2009 Dodge Avenger SXT review:

2009 Dodge Avenger SXT

Pricing Unavailable
  • Trim levels SXT
  • Available Engine Gas
  • Body style Sedan

Roadshow Editors' Rating

6.8 Overall
  • Cabin tech 8
  • Performance tech 6
  • Design 6

The Good Dodge makes a surprising amount of cabin tech available in the 2009 Avenger, including GPS with live traffic, Bluetooth support, and onboard music storage.

The Bad iPod and USB flash drive integration is lacking. The four-speed automatic transmission feels primitive.

The Bottom Line Despite some power-train limitations, the 2009 Dodge Avenger SXT comes in as an efficient and practical choice among midsize sedans, with some cabin tech features not available elsewhere.

Photo gallery:
2009 Dodge Avenger SXT

Dodge's midsize sedan competitor, the 2009 Avenger, has a surprising set of features to recommend it, most notably cabin conveniences you don't expect to find on a model starting in the low $20,000s. A Stone-Age transmission is what really keeps it from being an effective Camry killer, although many will like Dodge's muscle-car design language. Dodge packages its cabin tech options for Bluetooth and navigation under the UConnect name, but our Avenger lacked these extras.

On the road
We used the 2009 Dodge Avenger SXT for a 1,000 mile trek from San Francisco to Los Angeles and back, and when we first got into the car we couldn't help but think we'd gotten a rental. Fleet sales over the last couple of decades inured us to cars with bland interiors made from hard plastics, of which the Avenger is a prime example.

Ready for a road trip, we have a TomTom clamped to the windshield.

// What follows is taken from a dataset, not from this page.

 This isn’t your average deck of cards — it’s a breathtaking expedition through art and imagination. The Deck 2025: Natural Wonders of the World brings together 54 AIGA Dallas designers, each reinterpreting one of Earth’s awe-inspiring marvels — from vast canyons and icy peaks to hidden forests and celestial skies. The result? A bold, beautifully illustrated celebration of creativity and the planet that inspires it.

Lacking a navigation system in our car, we clamped a TomTom to the windshield, programmed in our Los Angeles destination, and started counting down the miles. As the leading, lower edge of the windshield was far forward, using the TomTom's touch screen while underway was not possible. Further, that severely slanted windshield subjected the TomTom to plenty of glare.

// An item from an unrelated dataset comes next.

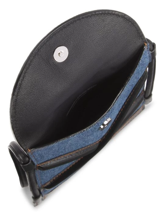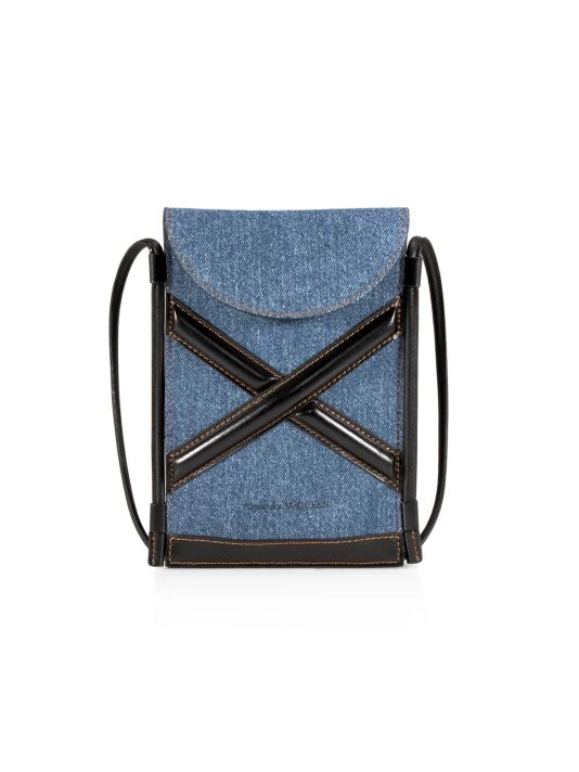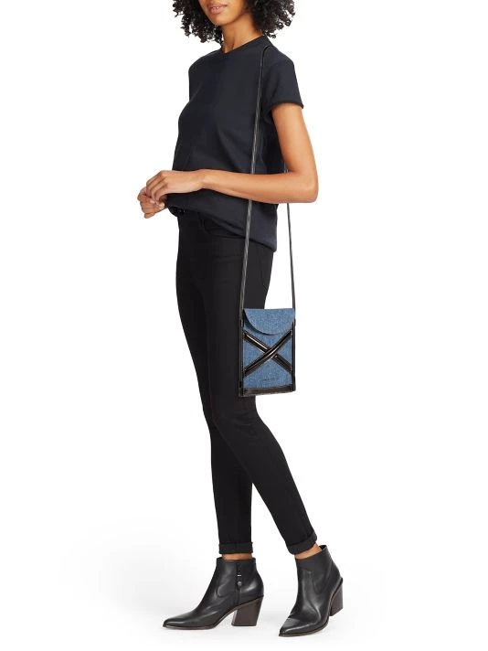 This slim denim pouch is highlighted with contrast leather wraparound trim.

Audio for our trip came from an MP3 CD in the six-disc changer, an iPhone tapped into the car's auxiliary input, and Sirius satellite radio. It's not the most advanced audio set-up, but it does provide some options.

Our Avenger SXT was fitted with a 2.7-liter V-6, an upgrade from the standard 2.4-liter four-cylinder engine, transversely mounted and powering the front wheels. Although this is a flex-fuel engine, we didn't encounter any E85 at the pumps during this road trip.

While passing big trucks on the Interstate, the V-6's acceleration was less than satisfying, often because it had to wait for the four-speed automatic transmission to step down, which didn't happen promptly. And when the transmission finally realized passing gear, the tach needle would shoot up to 6,000rpm with the power train making a terrible straining whine.

The four-speed automatic transmission makes the engine strain when it steps down to passing gear.

However, during the steep climb up the mountains on the northern border of Los Angeles, we put the shifter in third gear and the Avenger easily maintained power, passing up other cars that were wheezing on the steep grade.

There are more comfortable cars to take over long distances, but the Avenger proved adequate. As a bonus, our total mileage for the trip, which included high-speed freeway driving and Los Angeles traffic, came in at 27.8 mpg, just a little over the EPA highway number of 27 mpg (19 mpg city).

In the cabin
Arrows in Dodge's cabin tech quiver include UConnect GPS, UConnect Phone, and UConnect Tunes, branded terms for a hard drive-based navigation system with live traffic, Bluetooth phone support, and onboard music storage. Although our 2009 Dodge Avenger SXT wasn't equipped with these options, we tested them earlier in the Dodge Challenger, and found they worked very well.

The simple display on the stereo shows channel information for satellite radio.